最後に、シモフリトゲエダシャクの、シモフリは、何となく前翅の雰囲気から来ているのが分かるが、トゲエダシャクのトゲの部分は、ネット上を調べる限り、納得の行く説を見つけることは出来なかった。

ユウマダラエダシャク 秋型 Abraxas miranda miranda Butler, 1878

数日前に、我家の庭で見かけた蛾である。

直ぐに、ユウマダラエダシャクであろうと思ったが、一応、調べて見たところ、やはりユウマダラエダシャクで間違いなさそうである。

大きさは、前翅長23ミリぐらいだった。

過去にも投稿済みのユウマダラエダシャクを再投稿してみようと思った理由は、10月の半ばにも、まだ成体(今シーズン2化目の個体だと思われる)が確認出来たと言う証と、春型と秋型とで何か外見的違いがあるのであろうかという点からである。
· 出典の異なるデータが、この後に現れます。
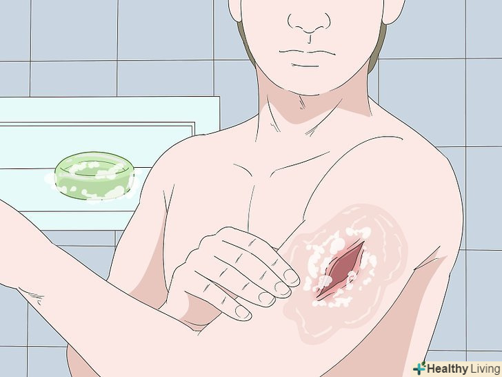 Вимийте пошкоджене місце водою з милом.підставте рану під проточну воду і обережно намильте її антибактеріальним милом, якщо воно у вас є. Якщо у вас немає такого мила, підійде будь-яке м'яке мило для рук або тіла. Обполосніть рану і постарайтеся змити якомога більше бруду і сміття.[2]- У разі опіку тримайте пошкоджене місце під прохолодною проточною водою протягом 5-10 хвилин.

この外見的特徴の差異に関しては、私が気付けるのは、秋のユウマダラエダシャクの方は、若干小さいかなと感じるぐらいである。

このユウマダラエダシャクの幼虫の食草は、ニシキギ科のマサキやマユミ等とのことであるが、我が家の生垣にマサキが長い距離使われている場所がある。嫌でも視界に入って来る生垣なのだが、未だユウマダラエダシャクの幼虫を、その生垣で目にしたことはない。

ユウマダラエダシャクの生息分布は、国内は、北海道から九州を経て屋久島辺りまでいるようである。(沖縄本島含む南西諸島にも生息しているかは、目下、私なりに、情報を整理検討中である。)海外の分布は、韓国からの報告が上がっている。
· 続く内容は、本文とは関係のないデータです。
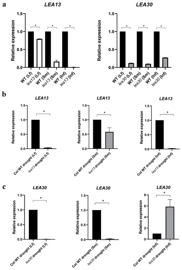 A qRT-PCR expression analysis was performed to determine the LEA13 and LEA30 expression in mutant genetic backgrounds. The relative expression LEA13 in the lea13 genetic background decreases significantly for leaf, stem, and inflorescence. The relative expression of LEA30 in the lea30 background also decreases significantly for leaf, stem, and inflorescence (Figure 4a). During drought (ten days after the plants stopped being irrigated), LEA13 expression decreased in lea13 background compared to wild-type (Figure 4b). LEA30 showed similar behavior; in leaf and stem, the expression in the mutant background decreased compared to the wild-type, while in inflorescences tissue, the expression increased (Figure 4c).

ちなみに、ヒメマダラエダシャク(Abraxas niphonibia Wehrli, 1935)という少し小さくて酷似した外見の種がいるが、我が家の庭では、ユウマダラエダシャクと、このヒメマダラエダシャクが、同時期に混生しているようである。ヒメマダラエダシャクの方の生息分布は、国内は、北海道から九州を経て、沖縄本島含む南西諸島まで。海外の生息分布は、朝鮮半島を経て、ロシア沿海州南部まで。

個人的には、この2種の生息分布が被りすぎているところに興味が湧く。

ウラベニエダシャク 成虫 雄? Heterolocha aristonaria (Walker, 1860) 2nd

最近、近隣で見かけた蛾の一種である。

大きさは、前翅長10ミリぐらい。

種名は、ウラベニエダシャク。

この場所で出会うウラベニエダシャクは、黄色味が強いこの色彩のものばかりの気がする。今年も、ワンサイクル早い時期に、この場所で出会っている。今シーズン、少し間をおいての、2回目の遭遇なので、この個体は夏型と捉えて良いのかなと考える。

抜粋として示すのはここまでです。